### Supplied data
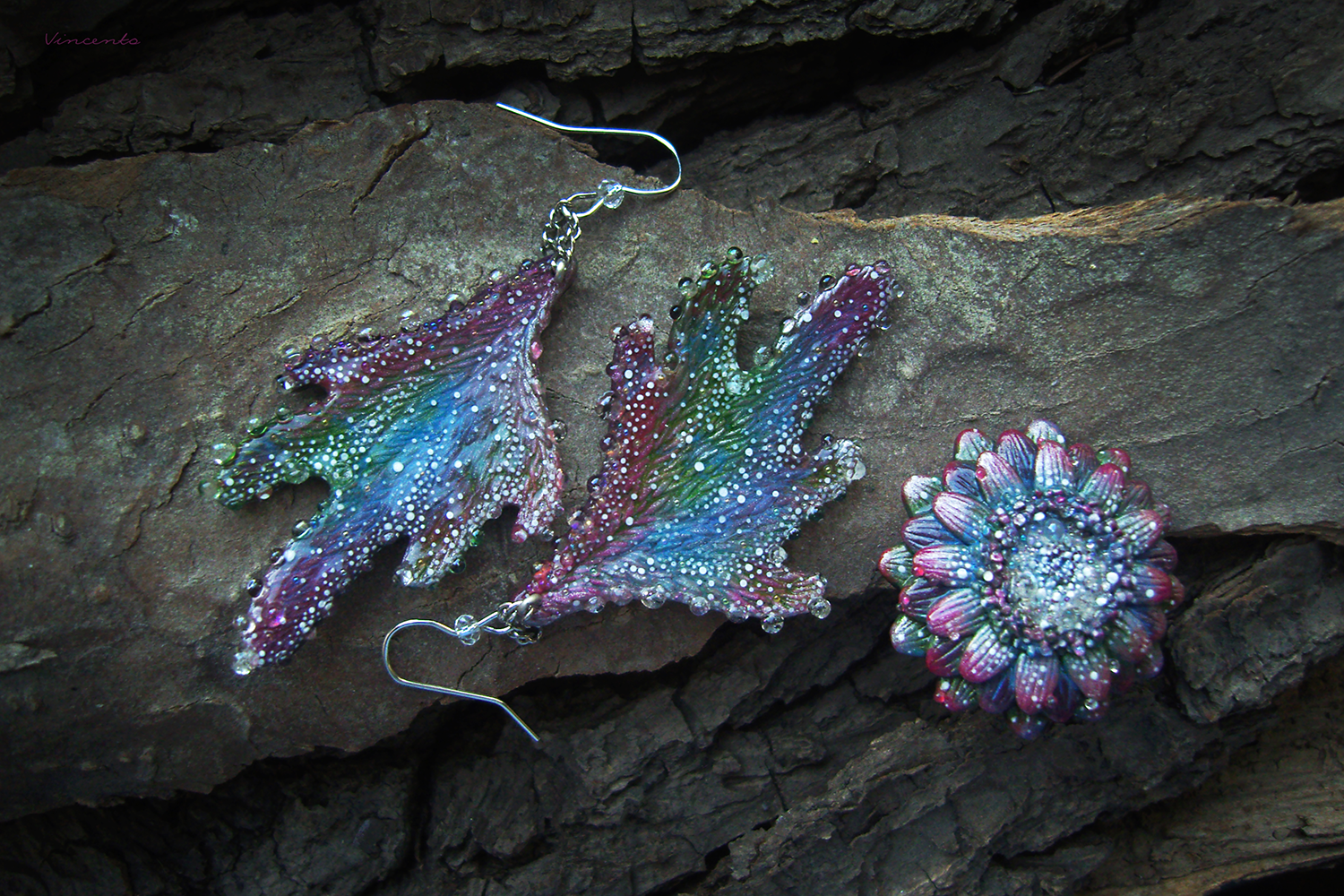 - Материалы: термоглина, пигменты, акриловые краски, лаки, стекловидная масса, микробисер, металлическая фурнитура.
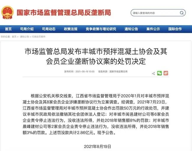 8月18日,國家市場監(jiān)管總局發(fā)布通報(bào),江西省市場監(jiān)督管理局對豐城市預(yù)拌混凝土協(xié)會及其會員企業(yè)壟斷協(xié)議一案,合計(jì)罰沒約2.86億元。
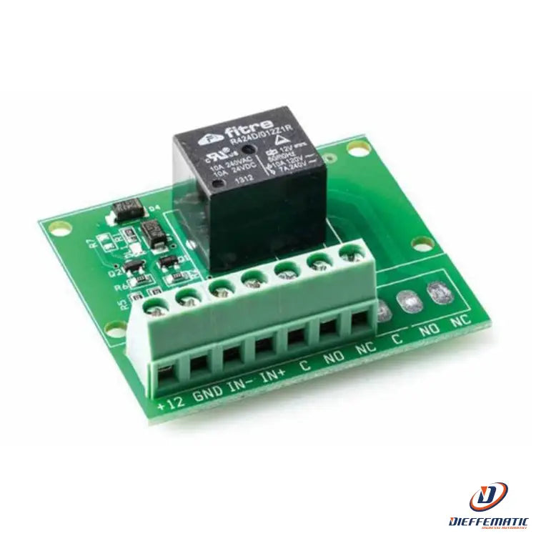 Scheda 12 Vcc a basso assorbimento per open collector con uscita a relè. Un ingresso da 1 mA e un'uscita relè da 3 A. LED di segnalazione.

### Requirement
What's needed is every line above, retyped exactly and free of pictures.

### Solution below
 - Материалы: термоглина, пигменты, акриловые краски, лаки, стекловидная масса, микробисер, металлическая фурнитура.
 8月18日,國家市場監(jiān)管總局發(fā)布通報(bào),江西省市場監(jiān)督管理局對豐城市預(yù)拌混凝土協(xié)會及其會員企業(yè)壟斷協(xié)議一案,合計(jì)罰沒約2.86億元。
 Scheda 12 Vcc a basso assorbimento per open collector con uscita a relè. Un ingresso da 1 mA e un'uscita relè da 3 A. LED di segnalazione.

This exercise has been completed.